◆ **Given data**
• • • • • • •
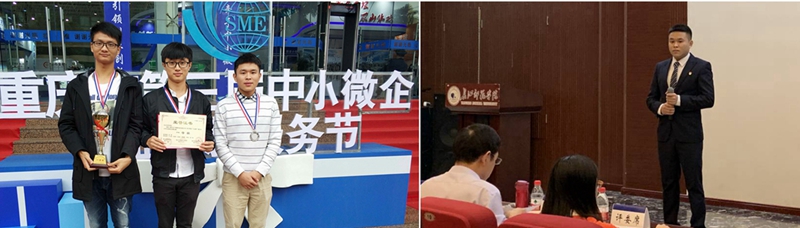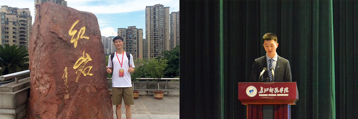左图为陈果大二校外参加比赛,右图为陈果大三上台发言
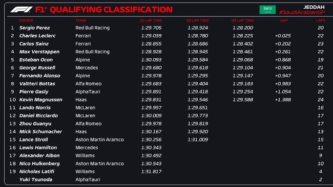 Red Bull και Ferrari μοιράζονται τις δύο πρώτες σειρές του grid, με τον Σαρλ Λεκλέρ της Scuderia να ηττάται για μόλις 25 χιλιοστά του δευτερολέπτου! Κάρλος Σάινθ και Μαξ Φερστάπεν θα παραταχθούν στη δεύτερη σειρά της εκκίνησης ενός αγώνα που αναμένεται συναρπαστικός! Πίσω τους θα είναι η Alpine του Έστεμπαν Όκον και η Mercedes του Τζορτζ Ράσελ.
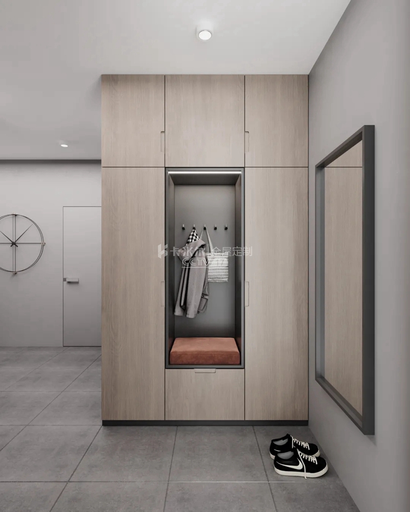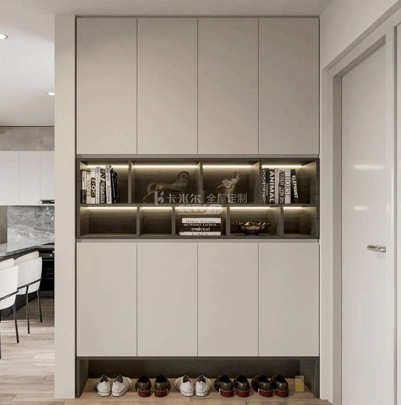 鞋柜可承擔(dān)的功能極多,但多重功能組合的鞋柜會(huì)削減鞋柜的收納能力,如玄關(guān)面積足夠,可以設(shè)計(jì)換鞋凳、掛衣區(qū)等多功能配備,如果面積有限,請(qǐng)先確保鞋柜的儲(chǔ)鞋量,再考慮其他功能實(shí)現(xiàn)。
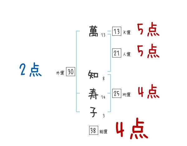 萬知寿子さんの画数の鑑定結果
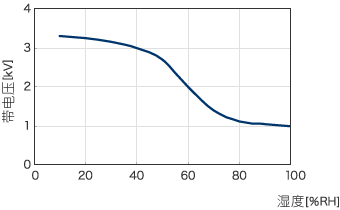 右图为湿度升高时,静电被自然释放的情形。通常认为,相对湿度高于65%时不易产生静电,即使产生也能自然释放,因此该值被作为湿度管理的基准。
• • • • • • •
◆ **What the task asks**
The copy must begin with the line containing "萬知寿子さんの画数の鑑定結果", end with the last line of the material, match each line exactly, and hold no pictures.

◆ **Result of the exercise**
 萬知寿子さんの画数の鑑定結果
 右图为湿度升高时,静电被自然释放的情形。通常认为,相对湿度高于65%时不易产生静电,即使产生也能自然释放,因此该值被作为湿度管理的基准。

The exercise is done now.